BORÇLANMA YOLUYLA BÜYÜME MODELİ TERK EDİLMELİ

Avrupalı liderleri içinde bulundukları borç krizini tek seferde ve herkes için çözmeleri konusunda uyaran BIS, Avro Bölgesi çevre ülkelerindeki mali problemlerinin yatırımcı güvenini azalttığını ve ülke borçlanma maliyetlerini sürdürülebilir seviyenin üstüne çıkardığını vurguladı.

Açıkların azıltılmasını ertelemenin ülke borcu krizinin yoğunlaşması riski yaratabileceğine işaret eden BIS, gelişmiş ülkelere yeni bir felaketten kaçınmak için özel sektör ve kamu maliyelerini hızla iyileştirmeleri çağrısı yaparken, gelişmekte olan piyasaları ise emlak sektöründeki aşırı ısınma ve borçlanma risklerine karşı uyardı.

BIS, gelişmiş ekonomilerin borçlanma yoluyla büyüme modelini hızla terk etmeleri gerektiğini belirtti.

FİYAT İSTİKRARI TEHDİT ALTINDA

Geçen yıl küresel ekonominin toparlanmaya devam ettiğini, gelişmekte olan ülkelerde büyümenin güçlü olduğunu, gelişmiş ülkelerin ise kendi kendine devam eden toparlanmaya doğru ilerlediğini ifade eden BIS, ancak bunun politikacıları rahatlama hatasına düşürebileceği uyarısında bulundu.

Birçok gelişmiş ülkede yüksek borç seviyelerinin finansal ve finansal olmayan kuruluşların yanı sıra hanehalkları üzerinde halen yük oluşturduğuna işaret eden BIS, uluslararası finansal dengesizliklerin tekrar ortaya çıktığını, faiz düşürücü para politikalarının hızla fiyat istikrarını tehdit eder duruma geldiğini savundu.

Finansal reformların henüz tamamlanmadığını ve tam olarak uygulanmadığını, finansal baskı için erken uyarı sistemi olarak çalışacak veri tabanının hazırlıklarının sürdüğünü bildiren BIS, aşırı borçluluğa çare bulmanın yüksek, dengeli gerçek büyüme ve istikrarlı finansal sistem için sağlam bir temel oluşturmada anahtar öneme sahip olduğunu vurguladı.

Küresel cari açık dengesizliklerinin sürdüğünü, bunun düzensiz döviz kuru ayarlamaları ve korumacılığı beraberinde getirdiğine işaret eden BIS, cari açık dengesizlikleri ve büyük sermaye akışlarının birbiriyle ilişkili olduğunu ve birlikte çözülmesi gerektiğini kaydetti.

Sağlam makroekonomik politikaların bu bağlamda anahtar rol oynayacağını, yapısal iç politikaların açık veren ülkelerde tasarrufu teşvik edeceğini ve fazla veren ülkelerde tüketimi artıracağını bildiren BIS, reel döviz kuru düzenlemelerinin gerekli, ancak tek başına yeterli olmayacağına dikkat çekti.
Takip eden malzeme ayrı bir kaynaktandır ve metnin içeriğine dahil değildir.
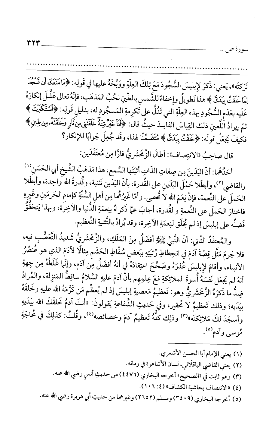 أحدهما: أن اليدين من صفات الذات أثبتها السمع، هذا مذهب الشيخ أبي الحسن والقاضي، وأبطلا حمل اليدين على القدرة، بأن اليدين تثنية، وقدرة الله واحدة، وأبطلا الحمل على النعمة، فإن نعم الله لا تحصى. وأما غيرهما من أهل السنة كإمام الحرمين وغيه فاختار الحمل على النعمة والقدرة، أجاب عما ذكراه بنعمة الدنيا والآخرة، وبهذا يتحقق فضله على إبليس إذ لم يخلق لنعمة الآخرة، وقد يراد بالتثنية التعظيم.

BIS, son çare olarak başvurulan sermaye kontrollerinin sadece geçici bir rahatlama sağlayacağı uyarısında da bulundu.

SERMAYE YETERLİLİK ORANLARI ARTIRILMALI

Merkez bankalarının merkez bankası olarak adlandırılan BIS, 2008 yılındakine benzer bir küresel finansal krizden kaçınılması için bankaların daha yüksek sermaye yeterlilik oranına sahip olmaları gerektiğini vurguladı.

BIS, dünyanın en büyük bankalarına yüzde 1 ile yüzde 2,5 arasında ek sermaye yeterlilik oranı uygulanması önerisinde bulundu.
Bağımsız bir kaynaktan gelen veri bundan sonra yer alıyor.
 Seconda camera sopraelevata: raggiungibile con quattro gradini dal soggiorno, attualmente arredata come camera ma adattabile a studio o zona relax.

BIS Genel Müdürü Jaime Caruana yaptığı açıklamada, küresel olarak sistemsel açıdan önemli olan ve sermaye yeterlilik oranları artırılacak bankaların listesini kamuoyuna açıklama planları olmadığını, zaman içinde metodolojiyi yayınlayacaklarını ifade etti.

Bu arada en yüksek sermaye zorunluluğuna sahip bankaların JP Morgan, Bank of America, Royal Bank of Scotland, Barclays, Citigroup, HSBC, BNP Paribas ve Deutsche Bank olduğu ifade edilyor.